Как же быть? Просто обойти ивановско-петровскую историю стороной, закрыть на нее глаза, прикинуть, что, мол, и не было ничего? Действующий декадент так, вероятно, и поступит, сочтя, что ему лучше находиться в мысленных дебрях неизведанного, неясного, нерешенного, чем в гуще нелепых и невразумительных событий. У него свободно реющие думы, ему ничего не стоит выкрикнуть: разоружайтесь, хватит ожесточенно брыкаться, покажите истинное смирение! Но позвольте, зачем, если мы, далеко не буквально вооруженные крониды, тотчас же первые обернемся жертвами, развеемся облачком пыли? У него неистребимые чувственные порывы, отнюдь не досадные заблуждения и вполне приятные искушения, позволяющие ему действовать так, словно он и в самом деле действует. Но бывает, что и действительность становится действующей. И как мне тогда ее обходить или как, например, ею пользоваться, если я свободу свою склонен держать в некоторой узде, порывам не даю воли, заблуждений аккуратно избегаю, а искушений, хотя бы приятных, стараюсь не замечать?
***
Такие мысли сверлили мой беспечно стареющий мозг накануне удивительных событий. Напомню, я бросался из улицы в улицу, отыскивая достойного собеседника, и странно, что при указанном ходе раздумий я почти не предполагал объяснений с реалистами или декадентами, желая, скорее, человека, еще меньше, может быть, чем я, обремененного писательством и даже совершенно не думающего о нем. Сдается мне, само мое естество отвергало, и даже с позывами на рвоту, всякую перспективу упований на рассудительность и высокое нравственное чувство писателей, словно не разобравшись совершенно в дурацкой истории Иванова и Петрова, а только бессмысленно впутавшись в нее, я, между тем, отлично вник в сущность так называемых "собратьев по перу". С другой стороны, не было, похоже, и малого провидения, что, закрепляя Бог весть как и зачем возникшую в моем воображении ивановско-петровскую историю за вероятными писателями разных литературных школ и, следовательно, переплетаясь с ними, делая тени этих людей своими собратьями, как если бы и сам я не прочь взяться за перо, я только забиваю свои мозги всякой чепухой, вместо того чтобы вдумчиво и основательно подойти к открывающимся там и сям реальностям.

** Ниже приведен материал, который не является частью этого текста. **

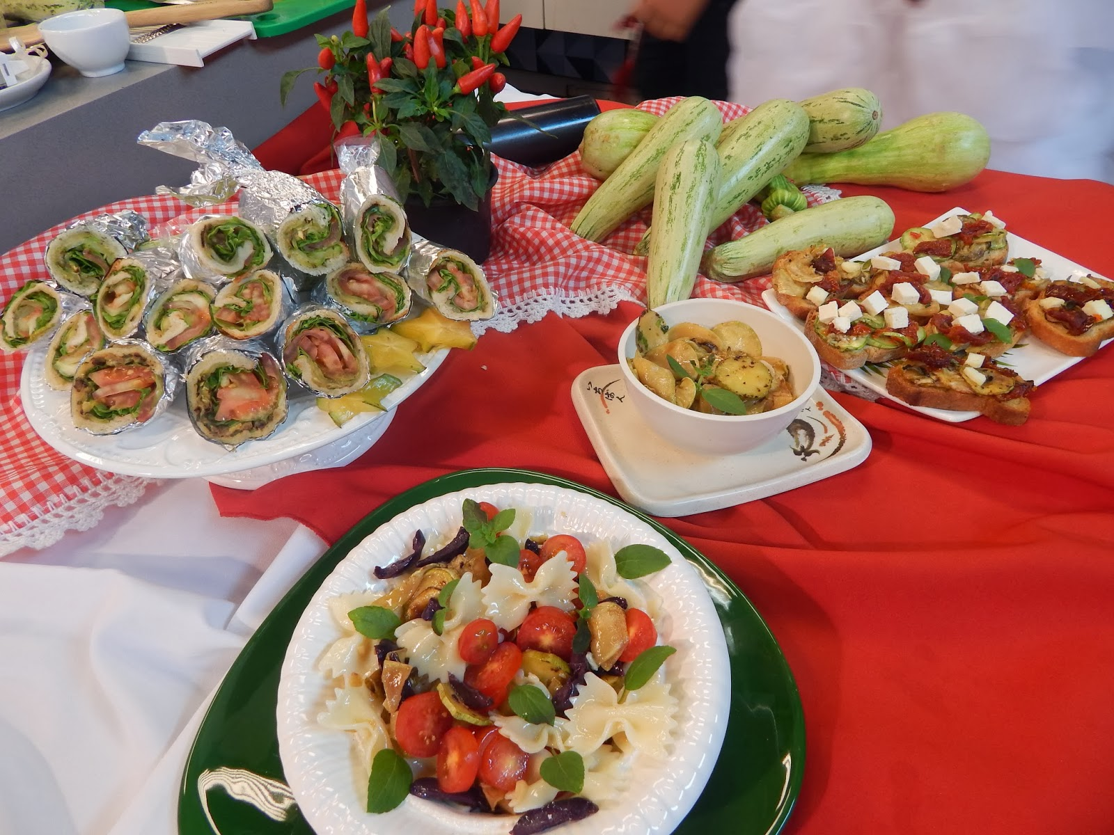 Ingredientes: 300g de macarrão cozido – abobrinhas marinadas – Azeitonas e tomate cereja. Sirva quente ou frio. Decore com folhas de manjericão.
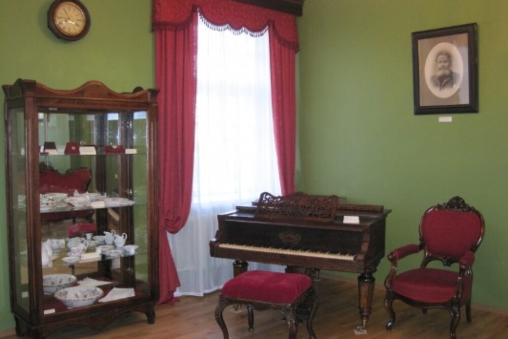 Ekspoziceja īpazeistynoj ar diveju Kruoslovys saimu – Šarkovsku i Rabinoviču – viesturi. Tuo laika atmosferā ļaun īsajust autentiskī prīškmati: Šarkovsku saimei pīdarūšs 19. godu symta firmys “H.Gentsch” flīgeļs, Kuzņecova fabrikys fajansa i porcelana trauki, kai ari mebelis i fotografejis.
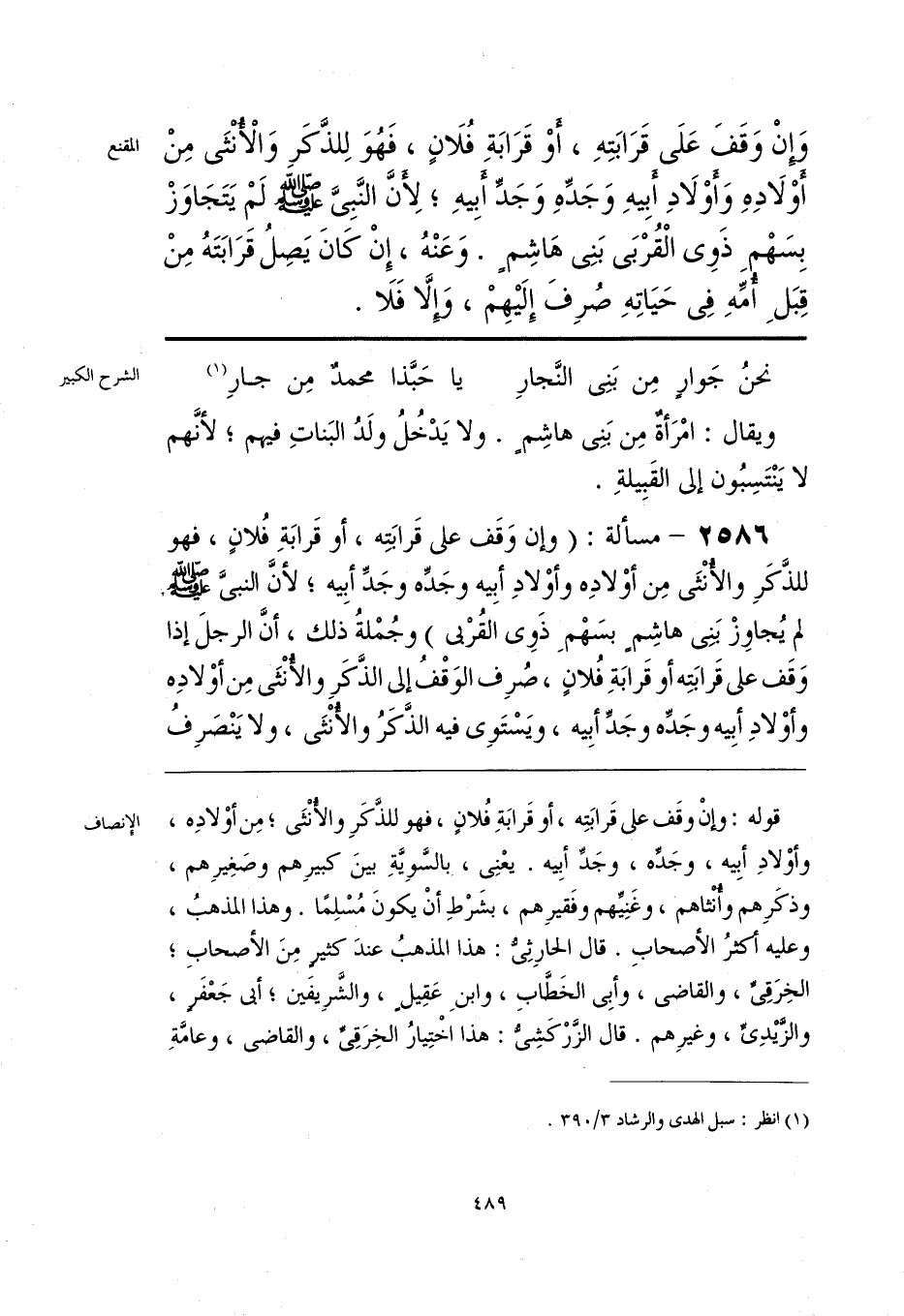 قوله: وإنْ وقَف على قَرابَتِه، أو قَرابَةِ فُلانٍ، فهو للذَّكَرِ والأُنْثَى؛ مِن أوْلادِه، وأوْلادِ أبِيه، وجَدِّه، وجَدِّ أبِيه. يعْنِي، بالسَّويَّةِ بينَ كبيرِهم وصَغِيرِهم، وذكَرِهم وأُنْثَاهم، وغَنِيِّهم وفَقيرِهم، بشَرْطِ أنْ يكونَ مُسْلِمًا. وهذا المذهبُ، وعليه أَكْثَرُ الأصحابِ. قال الحارِثِيُّ: هذا المذهبُ عندَ كثيرٍ مِنَ الأصحابِ؛ الخِرَقِيِّ، والقاضي، وأبِي الخَطَّابِ، وابنِ عَقِيلٍ، والشَّرِيفَين؛ أبي جَعْفَرٍ، والزَّيدِيِّ، وغيرِهم. قال الزَّرْكَشِيُّ: هذا اخْتِيارُ الخِرَقِيِّ، والقاضي، وعامَّةِ
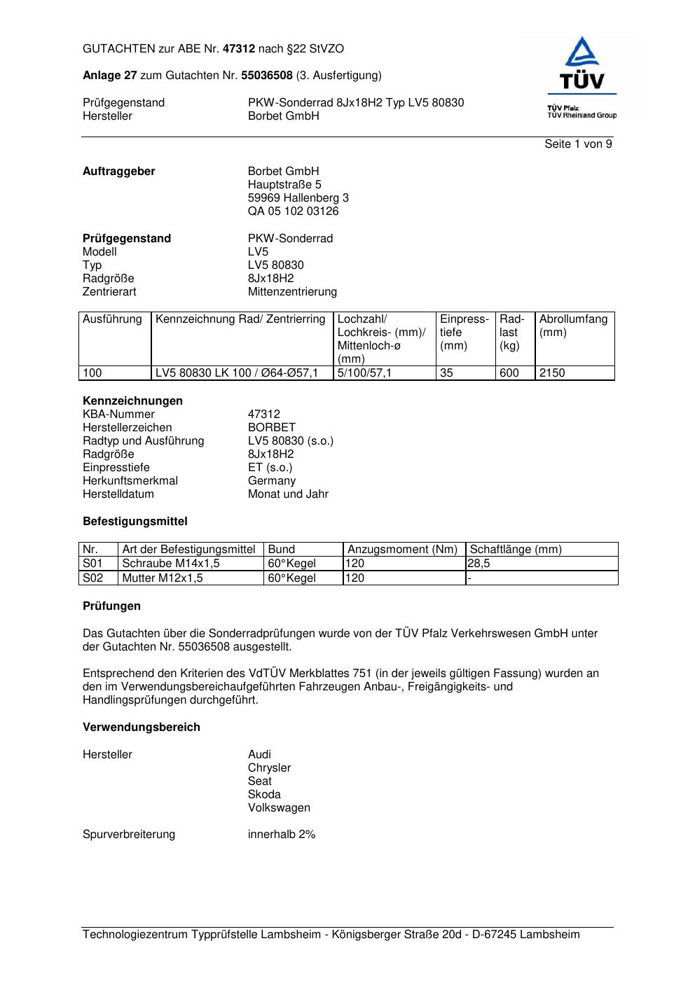 Dieses Gutachten (abe) bezieht sich auf die Alufelge Borbet LV5 80830 in der Ausführung 8Jx18 ET 0, Mittenloch 0 mm (KBA 47312). Im PDF findest du typischerweise zulässige Reifengrößen, Auflagen/Anbauhinweise und – je nach Dokument – Hinweise zur Eintragung.

Вдумчивость, она от ума, основательность - от гаммы чувств, от того, что мы называем одушевленностью и вообще душой. Ум мертвее души, поскольку ограничивается сложением понятий, тогда как душа полна готовности добраться до сущности явлений и вещей. Правильнее было бы сказать, что ум опирается на материю и даже слишком погружен в нее, а душа как бы витает в невидимом, но тогда всплыла бы надобность припомнить, что именно ум постигает, в допустимых пределах, небытие, хотя оно невидимо, душа же, обитая в невидимом, небытия не только не постигает, но даже и не ощущает, фактически не признает. Не так уж нелепа и безрассудна догадка, что мир наделен умом (рассудочной его частью, часто и обнаруживающей безрассудство), а души, по крайней мере души как целого, лишен, и все же, как бы то ни было, для должного, целеустремленного и хорошо поставленного соприкосновения с миром необходимо сочетание ума и души, и вот этим бы мне жить, а не выдуманными историями и бездумно выстраданными вопросами.

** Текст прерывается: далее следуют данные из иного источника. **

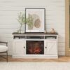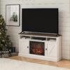 Elevate the ambiance of your home with the Ameriwood Home Ashton Lane TV Console with Fireplace and Remote Control, an excellent choice that brings warmth and charm to your living room, family room, or bedroom at an affordable price. This TV stand with fireplace heater features a convenient remote-controlled 23″ electric freestanding fireplace insert, providing the mesmerizing glow of a realistic wood-burning flame without the hassle of upkeep. With the ability to heat up to 400 sq. ft., you can effortlessly achieve the perfect temperature ranging from 72° to 82° or opt for the soothing ambiance of the multiple brightness settings without the heat. The LED light source ensures long-lasting performance, boasting an impressive lifespan of up to 50,000 hours, guaranteeing years of enjoyment. The fireplace heater can be controlled by remote control with included AAA batteries or by the touchpad display. Designed to accommodate flat panel TVs up to 65″ wide and weighing up to 70 lbs., this fireplace entertainment center offers practicality and functionality. It includes two side cabinets that discreetly conceal four storage shelves along with a spacious open divided shelf, perfect for organizing your cable box or gaming systems. Thanks to the clearly marked components, putting it together is simple, and our dedicated customer support team is always available to assist. The front remains cool to the touch, ensuring it’s safe for children and pets. Additionally, replacement fireplace inserts help maintain the stylish look of your furniture for many years. This item ships in one flat box and requires assembly by two adults. Assembled measurements: 58″ W × 15.75″ D × 31.125″ H.
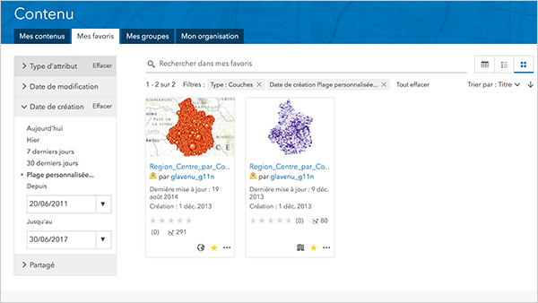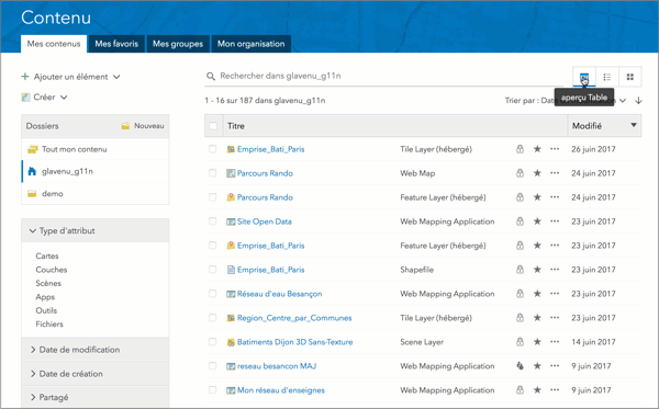 De nouveaux icônes permettent de découvrir rapidement les informations de partage de chaque élément et de les ajouter à vos favoris. Différentes options d'affichage sont désormais proposées pour présenter la liste des éléments de contenus disponibles dans un dossier ou résultant de vos recherches.

Уже на спаде моей антропологической экзальтации - впрочем, установить временные рамки этого периода трудно, - я действительно получил возможность разговориться и даже "влез" в жизнь людей, некоторая чрезвычайность которых издали, т. е. до знакомства с ними, показалась бы мне, пожалуй, невероятной, а то и недопустимой. Увлеченный, подхваченный каким-то ветром, странствий ли, готовности ли нестись куда угодно, Бог его разберет, я искал не сходства людей с богами, не учителя и кумира, для чего был уже слишком стар и умудрен. Если разобраться толком, овладевшая мной странная потребность выболтать все приходящее на ум или хотя бы навязать кому-то чтение понравившихся мне книг объяснялась желанием не столько разговора как такового, сколько видимостью его, поскольку впечатлялся я прежде всего утвердившейся в моем воображении картиной, представлявшей меня в виде пылко ораторствующего господина. Следовательно, нуждался я, скорее, в слушателях, а не в собеседниках, а в этом отношении мне было как раз совершенно ясно, что главным и, пожалуй, единственным слушателем своих перлов могу быть лишь я собственной персоной.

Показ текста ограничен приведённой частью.